▶ _Task item_: A verbatim transcript of the data that follows, free of images, is the expected result.

▶ _Exercise data_:
■ ■ ■ ■ ■ ■ ■
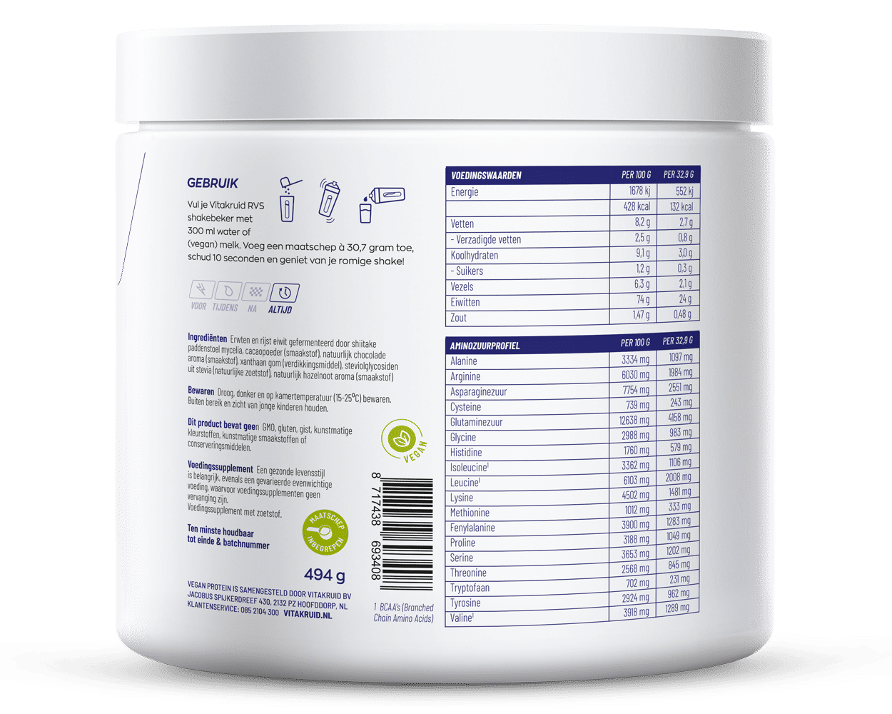 Vitakruid Vegan Protein fermented by Shiitake - Chocolade hazelnoot
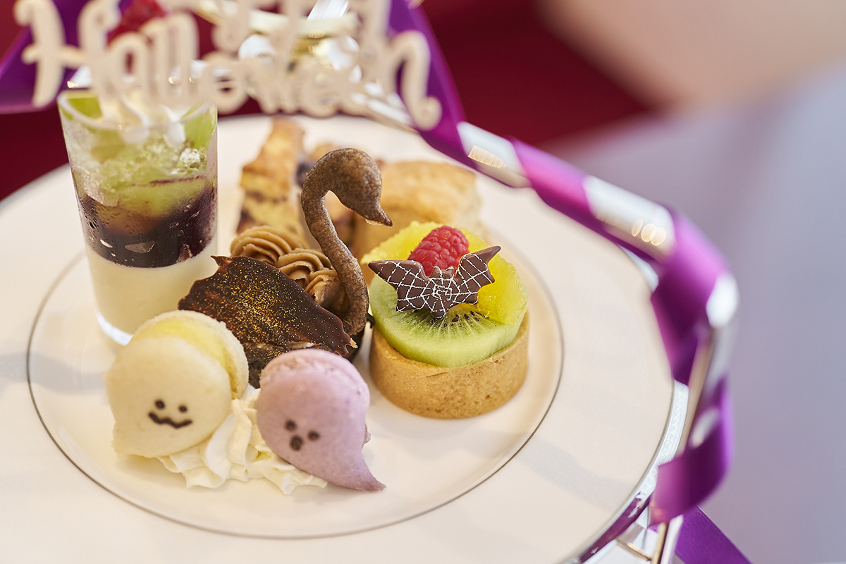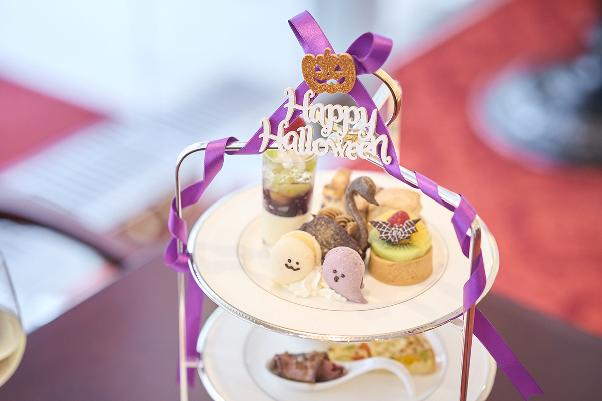 今回いただくのは、2024年10月31日(木)までのハロウィンバージョンのアフタヌーンティー。紫のリボンやハロウィンのモチーフなどの装飾や、ハロウィン仕様のケーキがとてもかわいらしく、眺めるだけで心が躍ります。アフタヌーンティーは約1カ月半ごとに、季節によって内容が変わるそう。次はクリスマス、その次はイチゴフェアを予定しているというから、こちらも楽しみですね。
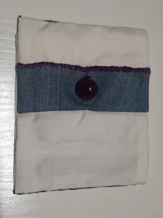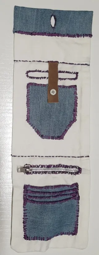 Carteras hechas a mano con un diseño único. - Costuras visibles en contraste. - Cierre de cremallera. - Bolsillos exteriores. - Detalle de botón y tira de cuero.
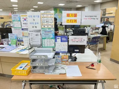 낮에 모습은 북적북적하진 않은듯했습니다. 대형폐기물 스티커부터 행정에 필요한 서비스를 제공하고 있으니 행정 업무처리도 하시고 다양한 정보도 얻어가면 좋을 것 같습니다.
■ ■ ■ ■ ■ ■ ■
▶ _Answer to the problem_:
 Vitakruid Vegan Protein fermented by Shiitake - Chocolade hazelnoot
 今回いただくのは、2024年10月31日(木)までのハロウィンバージョンのアフタヌーンティー。紫のリボンやハロウィンのモチーフなどの装飾や、ハロウィン仕様のケーキがとてもかわいらしく、眺めるだけで心が躍ります。アフタヌーンティーは約1カ月半ごとに、季節によって内容が変わるそう。次はクリスマス、その次はイチゴフェアを予定しているというから、こちらも楽しみですね。
 Carteras hechas a mano con un diseño único. - Costuras visibles en contraste. - Cierre de cremallera. - Bolsillos exteriores. - Detalle de botón y tira de cuero.
 낮에 모습은 북적북적하진 않은듯했습니다. 대형폐기물 스티커부터 행정에 필요한 서비스를 제공하고 있으니 행정 업무처리도 하시고 다양한 정보도 얻어가면 좋을 것 같습니다.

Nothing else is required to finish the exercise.